Imran Sheikh

Personal information
- Born: 1985
- Nickname: Dhoni of the Indian national deaf and mute cricket team
- Role: all-rounder

= Imran Sheikh =

Indian deaf cricketer

Imran Sheikh (born 1985) is an Indian deaf cricketer and a Kachori vendor. He served as the former captain of the Indian deaf cricket team from 2012 to 2017. He was also a member of the Indian team which won the 2005 Deaf Cricket World Cup. He is often known as the Dhoni of the Indian deaf cricket team mainly for his ability to strike the ball harder and for being a regular finisher for the national deaf cricket team. He has the inability to speak and hear as he uses sign language to communicate.

== Career ==
Imran is about 6 feet tall in height and started playing cricket at the age of 15.

Imran Sheikh is regarded as one of the most experienced deaf cricketers to have played for the Indian national deaf cricket team as he was part of the national team for more than 15 years. He is notable for his great strokeplays which helped India to secure the Deaf Cricket World Cup in 2005. During the 2005 World Cup, he chipped in with some good innings including a knock of 70 runs against New Zealand in a group stage match and a crucial knock of 62 runs against arch-rivals Pakistan in the semifinals of the tournament. He continued his good form with the bat in the finals by notching a match winning 40 runs against England and also claimed 3 wickets to secure the Deaf Cricket World Cup title for India.

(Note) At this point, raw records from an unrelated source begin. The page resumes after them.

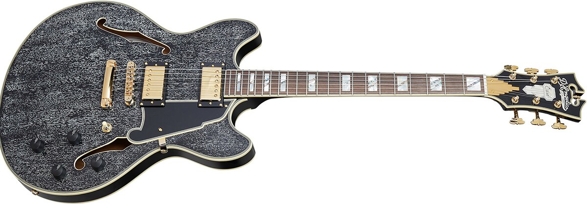 ディアンジェリコらしさを感じるオリジナル形状のピックガードは、fホールの一部を思わせるデザインで、ブラック(5プライ)となっています。
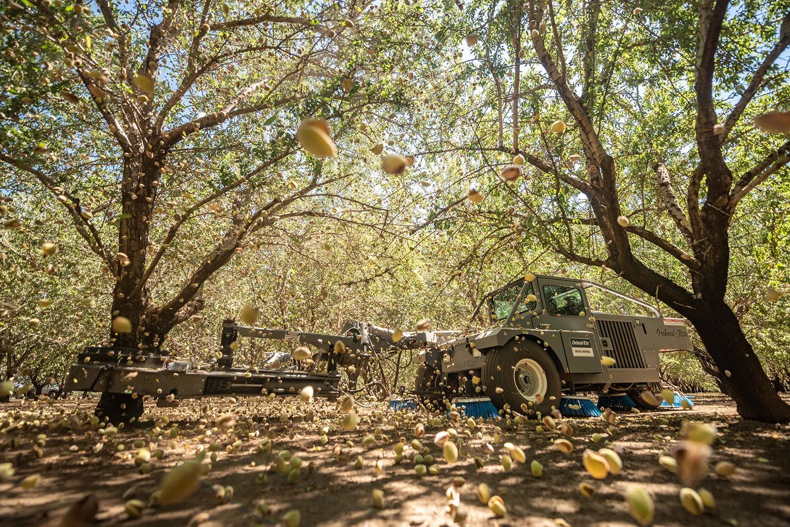An Orchard-Rite almond shaker is used to shake almonds out of the orchard trees at the University Farm on Thursday, August 13, 2020.
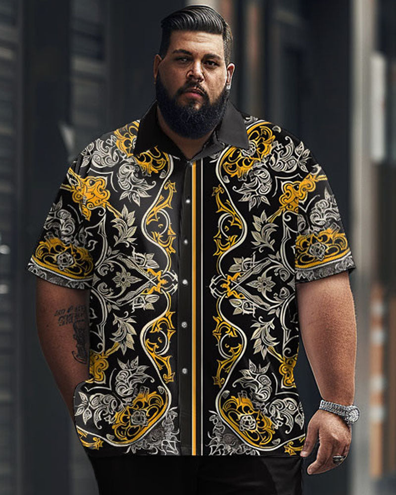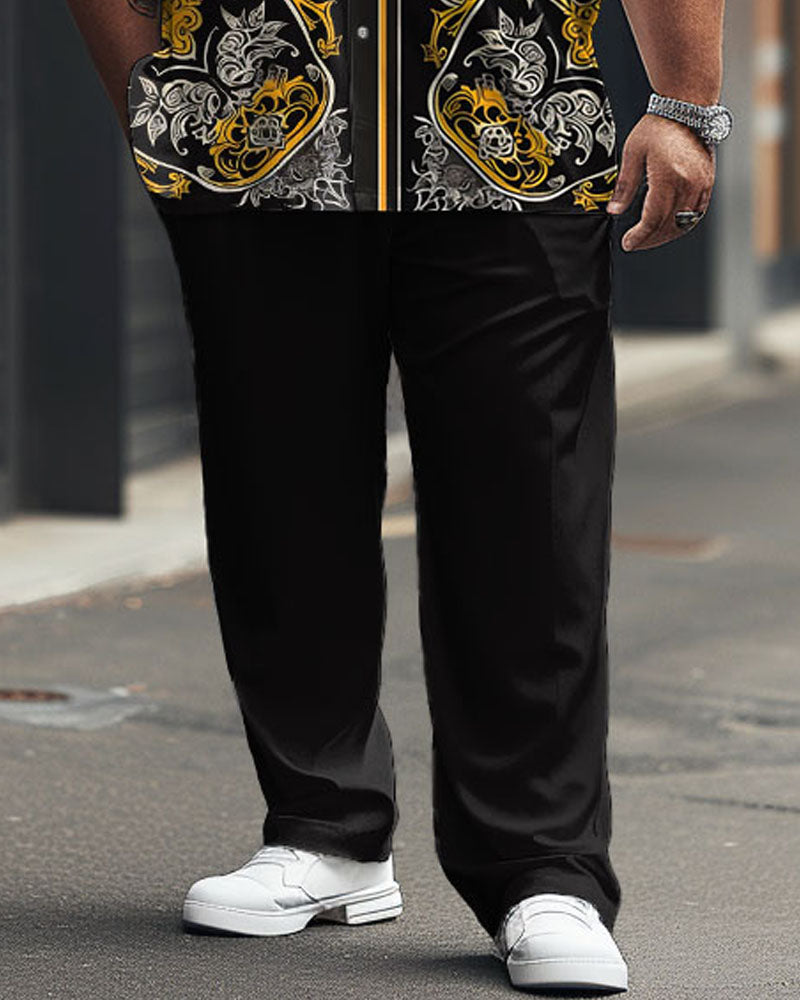 Men's Plus Size Business Simple Geometric Yellow Short Sleeve Shirt Trousers Suit
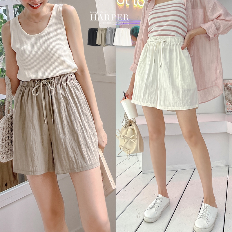 【HARPER】冰涼抽繩短褲 |現貨 短褲 涼感 休閒【PNC40128H】米白,F|卡其綠,F|灰,F|黑,FShortsHARPER
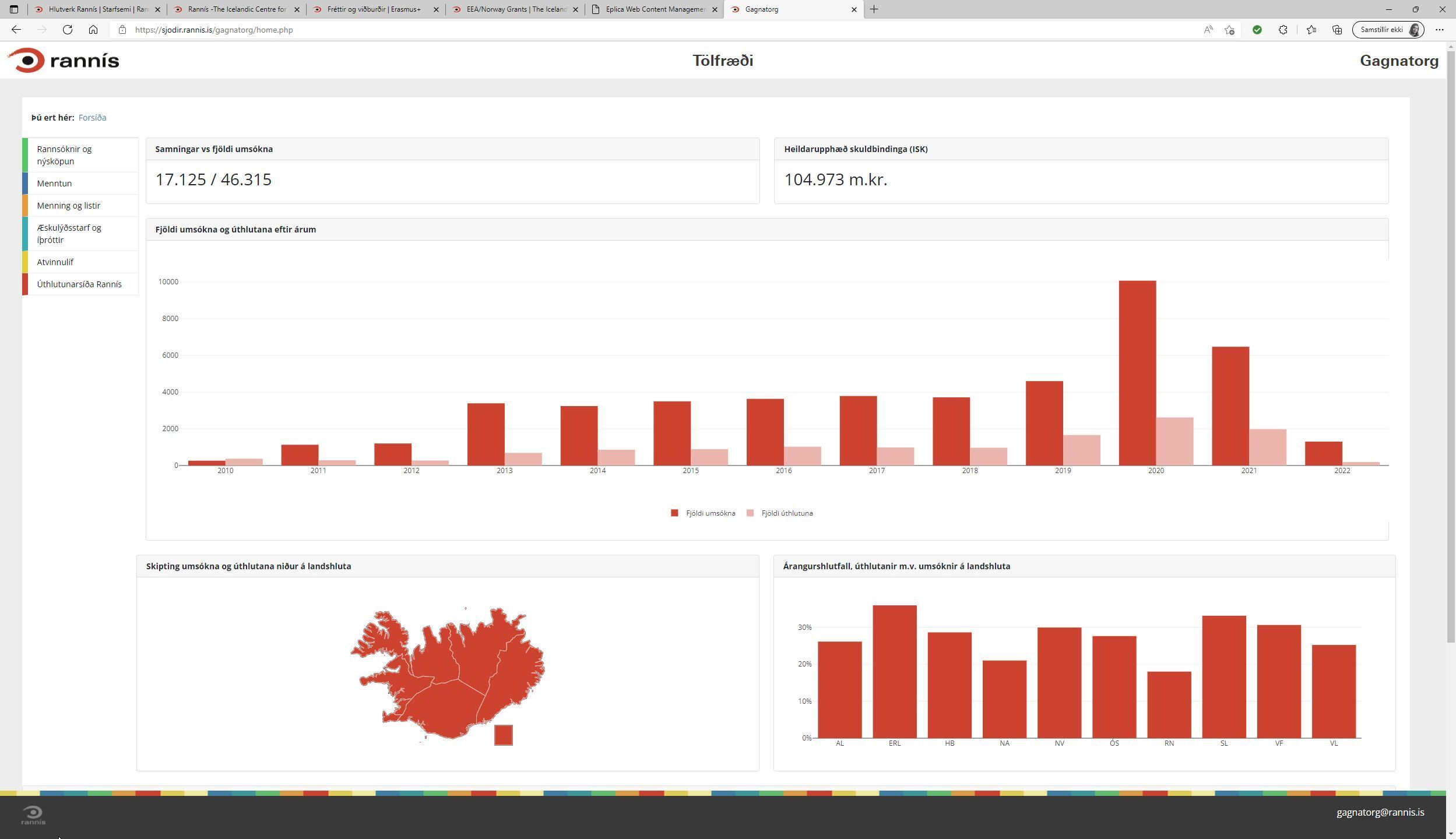 Á Gagnatorgi Rannís má finna ítarlegar upplýsingar um fjölda umsókna og úthlutanir einstakra sjóða, ár úthlutunar, umsækjendur og stuðningsupphæðir. Einnig verður hægt að fletta upp nánari upplýsingum um einstök verkefni í hnotskurn, þar sem nánari upplýsingar eru tiltækar.
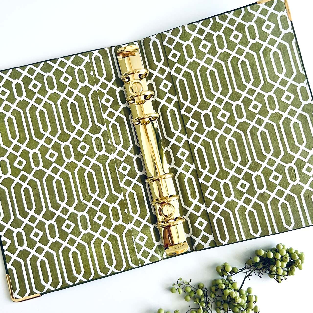 裏地は表に合うようなオリーブ色の模様紙を使用しております。
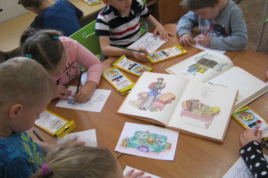 5 марта библиотека № 8 навестила своих друзей – старшую и подготовительную группу детского сада №80. Поводом для встречи стала книга-юбиляр «Багаж» Самуила Маршака, в марте исполняется 95 лет со дня издания книги. Детсадовцы послушали стихотворение Маршака и поговорили о современном багаже, о том, как его транспортируют, где ставят отметки. Замечательные иллюстрации Владимира Гальдяева в книге-юбиляре помогли детворе почувствовать обаяние прошлого: предметы багажа вековой давности на рисунке художника — это уже ретро. Поглядывая на старинные предметы на страницах, детсадовцы раскрашивали в такие же цвета свои чемоданы и диваны на бумаге.
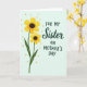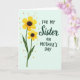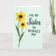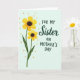 This card features two stylized yellow flowers on the left, their sunlit petals opening around deep brown centers as if leaning toward each other like close friends ❤️. Slender green stems rise from the lower edge, with long, slightly jagged leaves fanning outward to add a natural, easygoing look. The background is a soft greenish-blue wash that keeps the scene calm and airy, like a quiet morning outdoors. On the right side, the text is stacked in three parts, with “FOR MY” at the top and “ON MOTHER’S DAY” at the bottom in a simple, easy-to-read style. The word “Sister” sits larger in the middle in a flowing cursive-like lettering, drawing the eye and giving the message a more intimate feel 🌼. The lettering appears in a dark tone that contrasts clearly against the pale background. Small orange dots are sprinkled across the open space, forming a light polka-dot pattern around the flowers and the words. The two blossoms face slightly inward, with dark centers and bright petals set against the misty green-blue field and scattered orange specks.
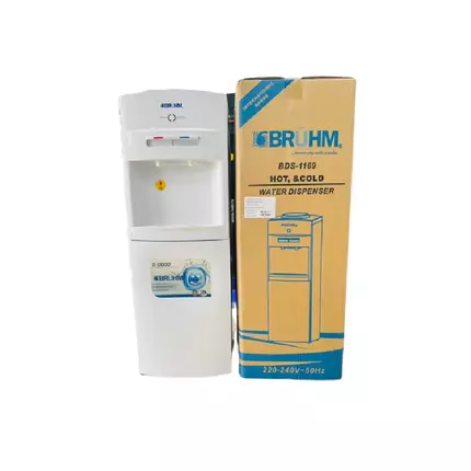 Bruhm Water Dispenser 2 Taps with Storage Cabinet White/Black BDS-1169 Bruhm BDS-1169 is easy to use, efficient and durable too. The hot and cold water dispenser is designed with world class safety features. It is safe to use in the home, office and larger spaces too. It also comes with an auto temperature control and high power stainless steel hot water tank. The model of freestanding water dispenser come with faucet design to supply hot and cold drinking water, and also has a double safety device for preventing overheat. The High power stainless steel hot water tank allows the water stay hot as well as its high efficiency compressor cooling. The hot water faucet of BRUHM freestanding water dispenser is designed with safety lock to prevent children from scalding. Features: Floor Standing Hot & Cold Water SUS304 Food grade stainless steel water tank High efficiency compressor cooling system Anti-bacterial material Over-heat protection Anti-overflow design Fast heating and cooling Anti–leakage water system Specifications: Heating Capacity: 5.0L/Hour Cooling Capacity: 2.0L/Hour Stainless Steel 550W Heating 100W Cooling Compressor Cooling Hot & Cold Without Fridge, With Normal Cabinet Weight: 15kg Warranty: 1 Year
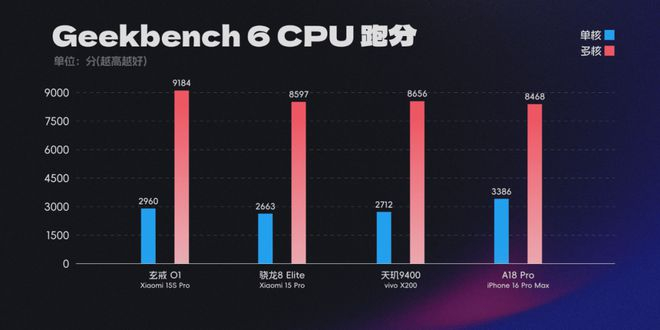 按我们之前测试的结果,这颗小米 15S Pro 玄戒 O1 在 Geekbench 6 的 CPU 跑分成绩跟骁龙 8 Elite 、 天玑 9400 和 A18 Pro 这些老牌选手打的有来有回,多核成绩更是一骑绝尘。
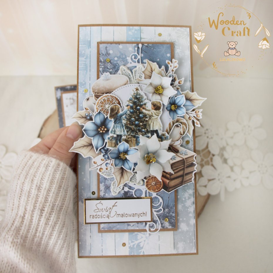 Przepiękna, bogato zdobiona kartka na Boże Narodzenie z motywem dzieci dekorujących choinkę. Kartka wykonana ręcznie, techniką scrapbookingu, z dbałością o każdy szczegół, z najnowszej kolekcji papierów "Jolly Season". Kartka ozdobiona kwiatowymi grafikami oraz ręcznie wykonanymi ponsecjami, udekorowana połyskującymi złotymi cekinami oraz napisem "Świąt radością malowanych". Elementy są klejone warstwowo, dzięki czemu kartka daje lekki efekt 3D,
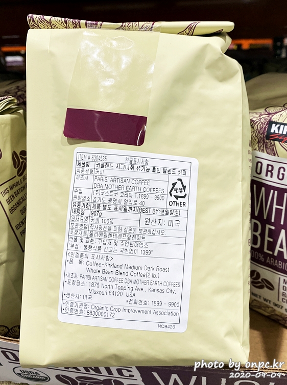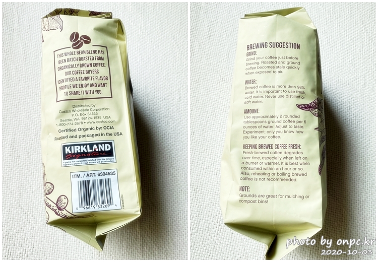 그리고, 이번에 구입한 코스트코 자체 브랜드 커클랜드 시그니처 유기농 원두커피도 소개합니다.
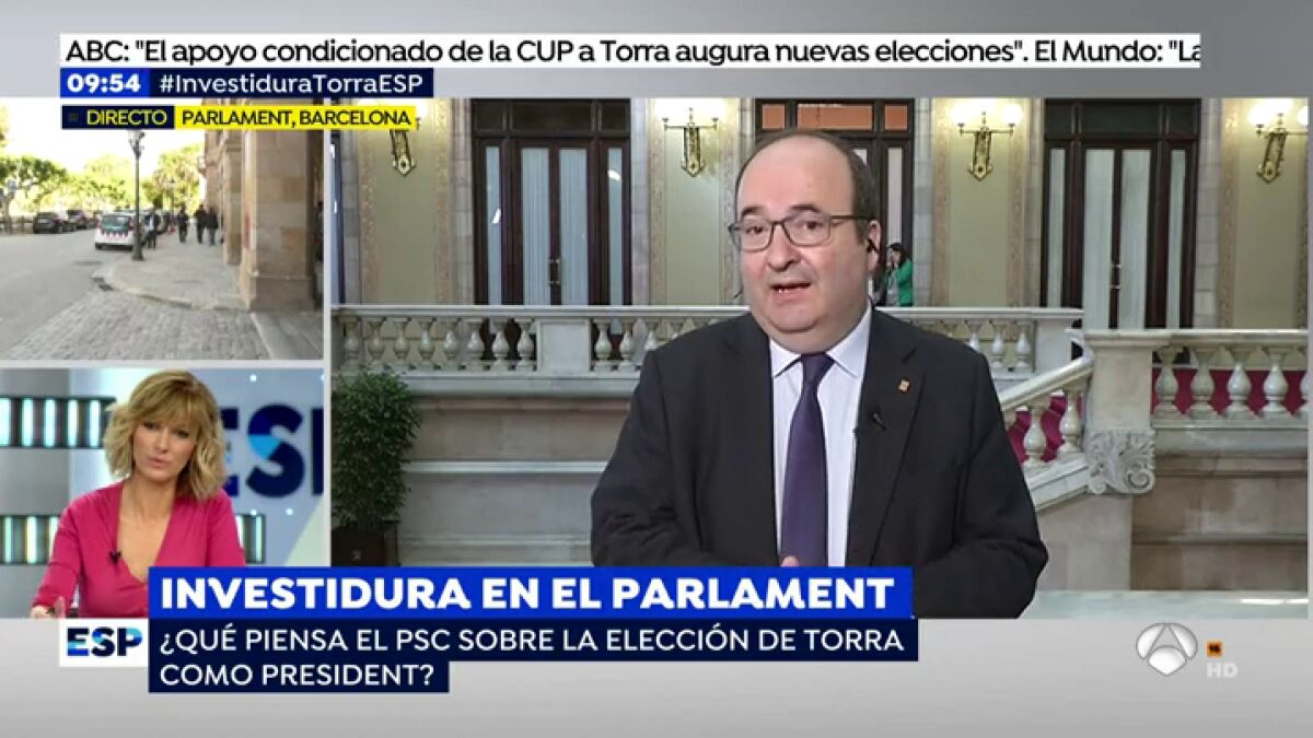 Iceta cree que Torra se "sitúa en una tesitura de continuar lo que fue la legislatura anterior y eso no merece confianza, más bien merece desconfianza. De lo que se trata es de juzgar los actos, las decisiones concretas una vez sea investido, será el momento de ver en cada decisión el sentido que tiene y por lo tanto yo no me atrevo a hacer un pronóstico. Desde luego si se hace lo que se ha dicho vamos al desastre. Si una vez conseguida la investidura y la abstención de la CUP se intenta otro camino pues habrá que ver".
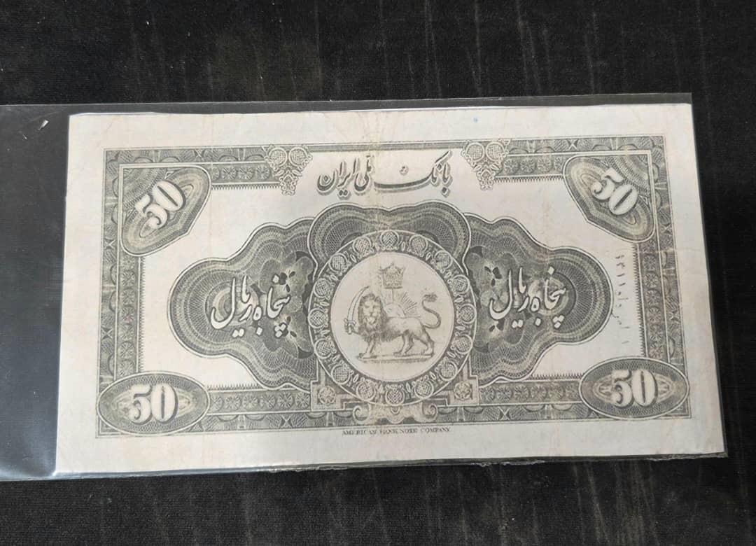 اسکناس 50 ریال کلاه کوچیک رضا شاه طرح
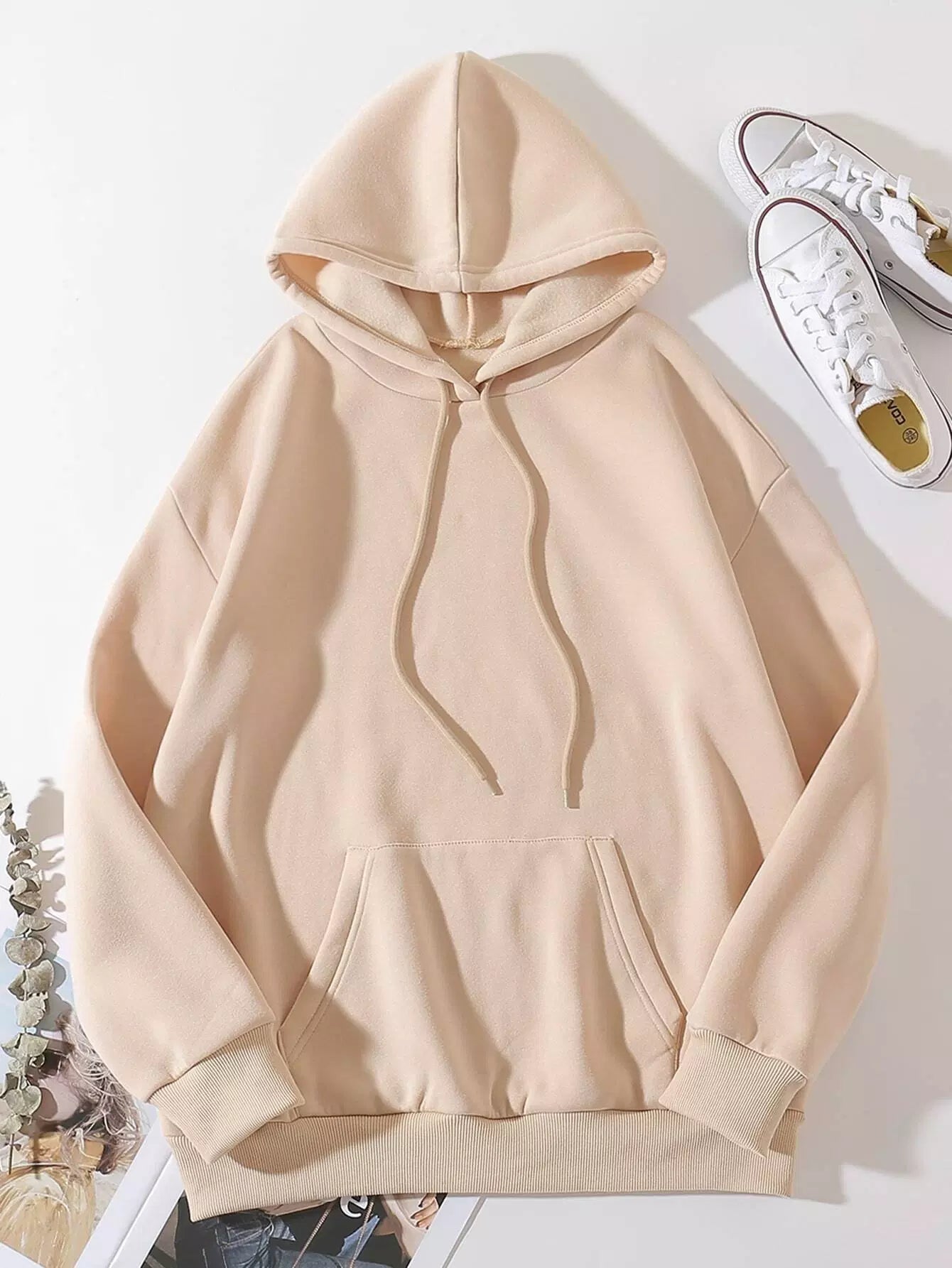 هودي سادة بكتف منسدل بجيب كنغرو سادة
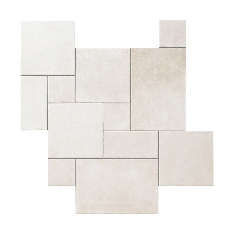 南欧風の柔らかい石材の表情をしたタイルです。4種類の形状を組み合わせたフレンチパターンが特徴です。
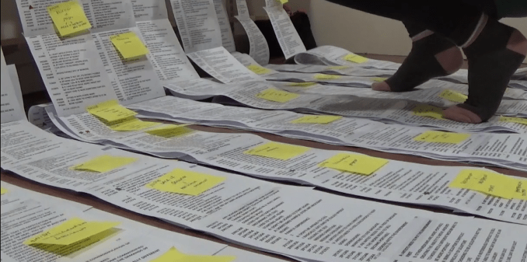 The sensuous, affective dimension of data analysis is quite prominent in the video. For example, the data needs to be visualised in order to be coded, while the materiality of the data on paper surrounding you in the room is further intensified by its aural presence––as you say “The narrative…is buzzing…vibrating.” This is not something that is covered in grounded theory. Can you comment on this feature?
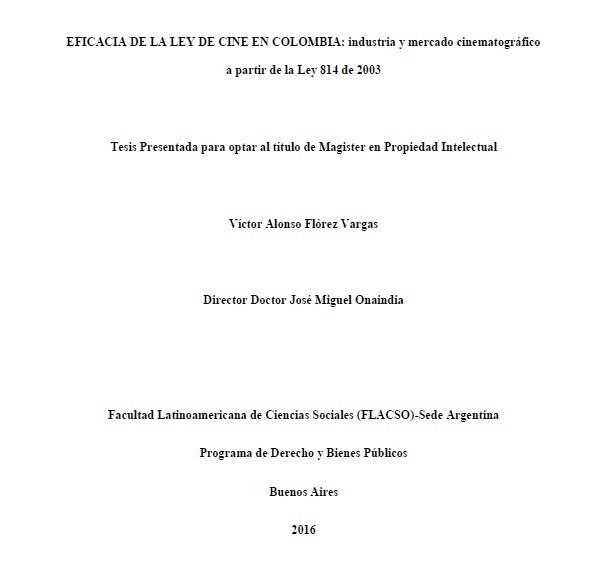 Flórez Vargas, Víctor Alonso (2016). Eficacia de la Ley de Cine en Colombia : industria y mercado cinematográfico a partir de la Ley 814 de 2003. Tesis de Maestría. FLACSO. Sede Académica Argentina, Buenos Aires.
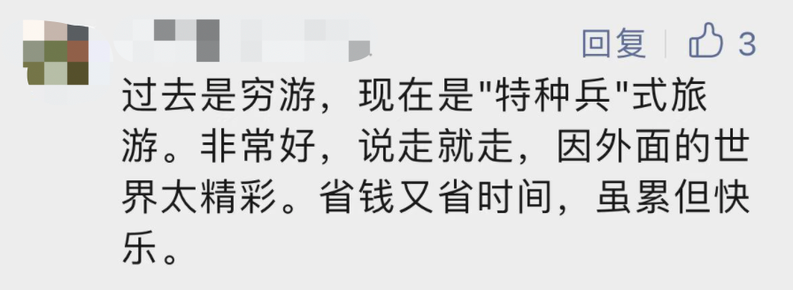其实,很多人选择“特种兵式旅游”,选择的是一种在路上的生活状态,也是一种“读万卷书,行万里路”的生活方式。这本身就是发现美好、热爱生命的体现。
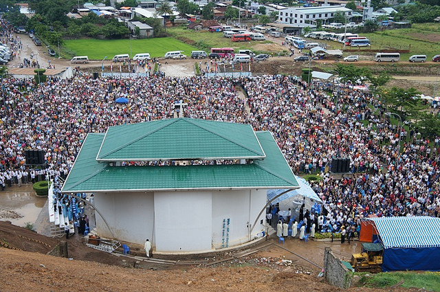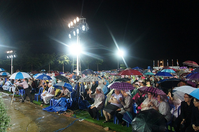 Mặc dù, đài truyền hình đã thông báo về mưa bão, nhưng hàng chục ngàn người vẫn hành hương về bên Mẹ Tàpao ngày 12-13/8/2013.
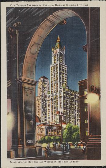 View Through Arch of Municipal Building Showing City Hall. Transportation Building and Woolworth Building at Night.

He too led the Indian team which won the 2017 Deaf T20 Asia Cup defeating Sri Lanka by 156 runs in the finals.

== Post cricket ==
As the blind and deaf cricketers have been continuously ignored in India, the deaf cricketer had to quit the sport of cricket and was forced to sell moong kachori at a roadside stall as he started a Kachori Stall with the help of his wife Roza Sheikh in Vadodara, Gujarat on the Old Padra Road with the intention of relieving from the financial crisis which affected his family members as he is the only income earner in the family.

In 2017, he built a Cricket Academy at a school in Vadodara for the deaf cricketers which was also a lifetime dream for him in order to improve the quality of deaf cricket in India.